For all my efforts, Junior doesn’t quite have the weight of cultural history on her small shoulders, so true innovation won’t astonish her just yet. To her, ‘Get Ur Freak On’ has a slinky groove that makes those unburdened shoulders shimmy, but – as far as artistic impact goes – it faces tough competition from the Rice Krispies.

So, what makes ‘Get Ur Freak On’ so great? Is it the much-imitated-but-then-truly-original bhangra shake turning hip-hop inside out? Is it Timbaland’s beats cutting up sharp enough to slice through Run-D.M.C.’s gold chains? Is it the punctuating “holla”s that stop the record stone dead to let you catch a breather before the nagging resumes at twice the power? Is it hindsight – or even prescience – that Missy and Timbaland have reached their creative peak here and all that’s left are old skool retreads and a steady stream of career revivals for Furtado, Ciccone and whoever’s next? Is it the “hach-TOO” flying in your face? Is it the pie-eyed mix of vocal tics and screams rubbing up against punishing techno twangs that makes you think you’ve stepped into some sci-fi jungle nightmare, shortly before you realise you actually have?

Yes.

[2] Daft Punk, ‘Digital Love’

No one actually realised that we needed a reworking of ‘Video Killed The Radio Star’, but need it we did, and at this point in time these glossy disco-techno robot chiefs were the men to bring it to life. ‘Digital Love’ tickles the underbelly of naff, wraps it in fake-fur and plasters it with thousands of tiny mirrors. Yes, it’s a hugely uncool mirrorball of a dancefloor clearer, doing more for the synthesised electric guitar than any record since ABBA’s we-really-should-be-going-now farewell single ‘Under Attack’.

Junior’s mum and I are the biggest ‘Digital Love’ fans this side of Justice. Junior herself wasn’t so sure. This was played in my absence and I’m told that comments ranged, rather narrowly, from “Too loud, Mummy” via “Stop singing, Mummy” to “Stop dancing, Mummy”. On being told that a guitar solo was coming up, she replied “I don’t like guitar”. Anyone who’s seen her pulling Gary Moore faces while wielding the plastic Stratocaster will know that’s a blatant lie. Must have been one of those days.

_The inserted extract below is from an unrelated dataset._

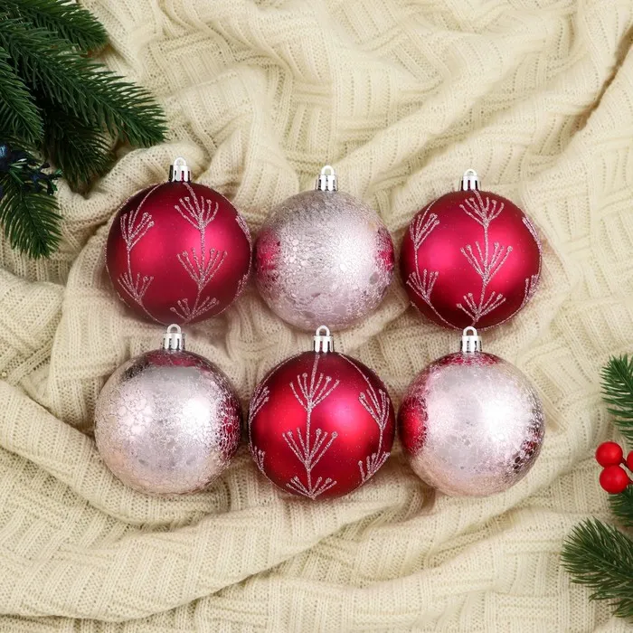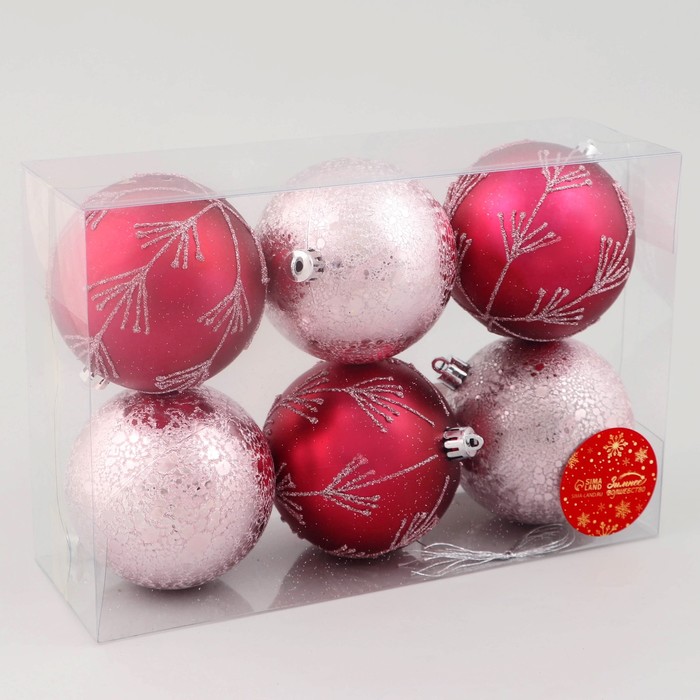 Ёлочные игрушки «Ночка», шары новогодние, d=8 см, набор 6 шт., веточки, красный розовый — Характеристики

[3] The Strokes, ‘The Modern Age EP’

There was such a quaint furore about The Strokes those long seven years ago, loud voices on either side. Were they singlehandedly saving rawk? Were they arch-copyists, not an original note in their scuffy Converse? Did any of it really matter? Well, yes and no. A bit of debate keeps pop lively, but would the naysayers have been so quick to swipe if they’d known the day would come when every band and its wife would be ripping off The Libertines, and not the rather more plunderable Talking Heads, Velvet Underground, Blondie, you-name-a-cool-NYC-trailblazer? The answer’s no.

Anyway, what Julian Casablancas and rich kid friends had in bags were tunes. On first listen, I thought ‘The Modern Age’ was The Velvet Underground – that’ll be Casablancas’ Lou Reed drawl – still it was a catchy little effort from the off. Studiedly cool, yep, but nevertheless, er, cool. ‘Last Nite’ was a white boy’s Motown pastiche even more authentic than Phil Collins’ flail at ‘You Can’t Hurry Love’.

But we don’t want them to get too chipper. Junior and I did the arm-pumping ‘Tiger Feet’ dance, one ‘70s influence The Strokes possibly wouldn’t want to snatch. Saying that, let’s see what the fourth album brings.